The Heartbreaks are a British alternative rock band formed in Morecambe, Lancashire in 2009. The band consists of singer Matthew Whitehouse, songwriter and drummer Joseph Kondras, guitarist Ryan Wallace and bassist Christopher 'Deaks' Deakin.

==Career==

===Early career===
The band formed in the seaside resort of Morecambe in 2009, brought together by a shared love of soul music, Orange Juice and gritty Northern literature. Before forming the band, Whitehouse and Kondras worked as ice cream men, Wallace was a roofer and Deakin "just floated from place to place". Whitehouse was the 2008–2009 North West's Under 21 Fastest Soft Serve Pourer. The competition was held in Skelmersdale, where he won £35 of WH Smith vouchers and a pair of monogrammed pouring gloves.

The band have been described as "fanatical experts on the British seaside", and many of their early rehearsals took place in an old snooker hall off the promenade,. A few months after forming, the band were named Manchester Evening News Band of 2009.

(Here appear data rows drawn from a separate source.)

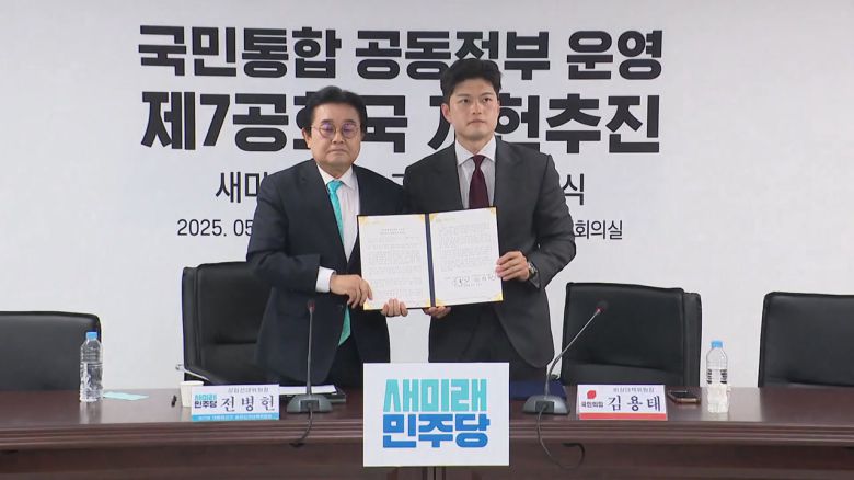 국민의힘 김용태 비상대책위원장과 새미래민주당 전병헌 대표는 새미래민주당 당사에서 이 같은 내용의 '공동정부 운영과 개헌 추진 합의 협약식'을 열었습니다.
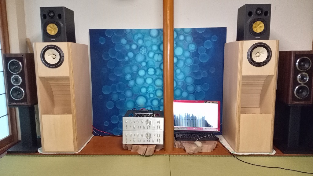 中央にFOSTEX FE208EΣのBH、その上に同社のNF-1。外側には専用台に乗せたパイオニアS-55Twin。アンプはSA-8800IIを2台積みし、Roland QUAD-CAPTURE(UA-55)を介してPCからwasapi接続。作業場では「暴れん坊」だったBHも、2時間かけ掃除したこの空間で鳴らすと畳の吸音も手伝ってか少しずつ落ち着きが出てきたようです。
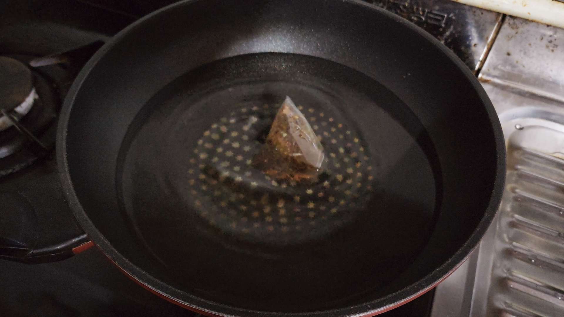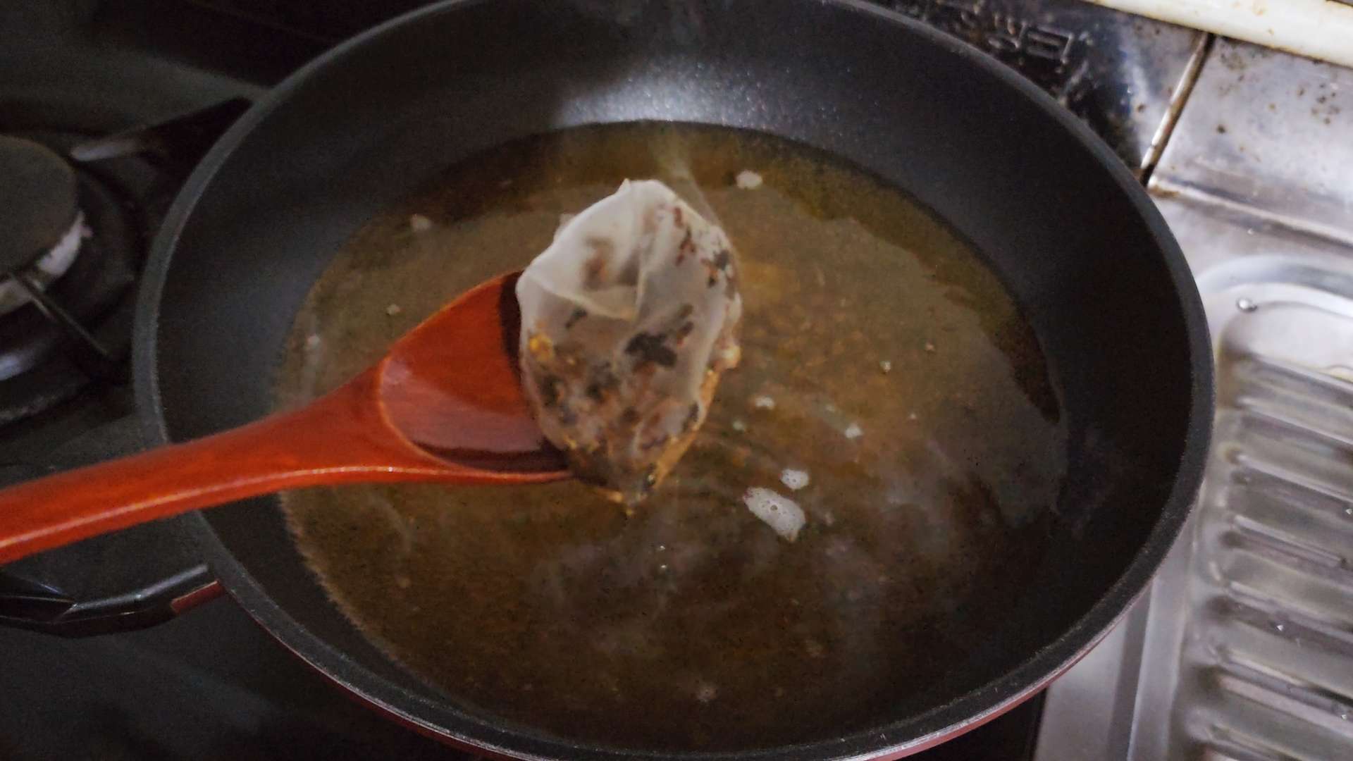 냄비에 물 1L, 멸치다시마팩 1개를 넣고 10분 정도 중불에서 끓여줍니다.

In February 2010, the band were featured on a compilation EP released by independent label Fierce Panda, called Rip It Up. Their inclusion, an early demo of song, "Jealous, Don't You Know", was given its first airplay by Steve Lamacq, who introduced it on his BBC Radio 6 Music show as "Lipstick on Your Collar meets a juggernaut of guitars which veered off the motorway somewhere in the 1980s". Lamacq would go on to describe a London Heartbreaks show around this time as "like being at the infamous Sex Pistols show at the Free Trade Hall, Manchester, June 1976".

The Heartbreaks released their debut single, Liar, My Dear, through Parlophone subsidiary Seven Sevens, in March 2010. Described as "an achingly beautiful debut" by The Independent, it was followed by a second release on Fierce Panda in August 2010, I Didn't Think It Would Hurt To Think Of You, and a tour with former Libertines frontman Carl Barat, who described them as "the finest support band I think I've ever had". A third single, Jealous Don't You Know, was released through their own imprint, Morecambe Rock, on Tri-Tone/PIASUK in March 2011, and was later remixed by English synthpop duo Hurts. These early singles earned the band comparisons to The Smiths and Manic Street Preachers in the NME, who would also describe The Heartbreaks as one of "the most exciting bands in the UK today".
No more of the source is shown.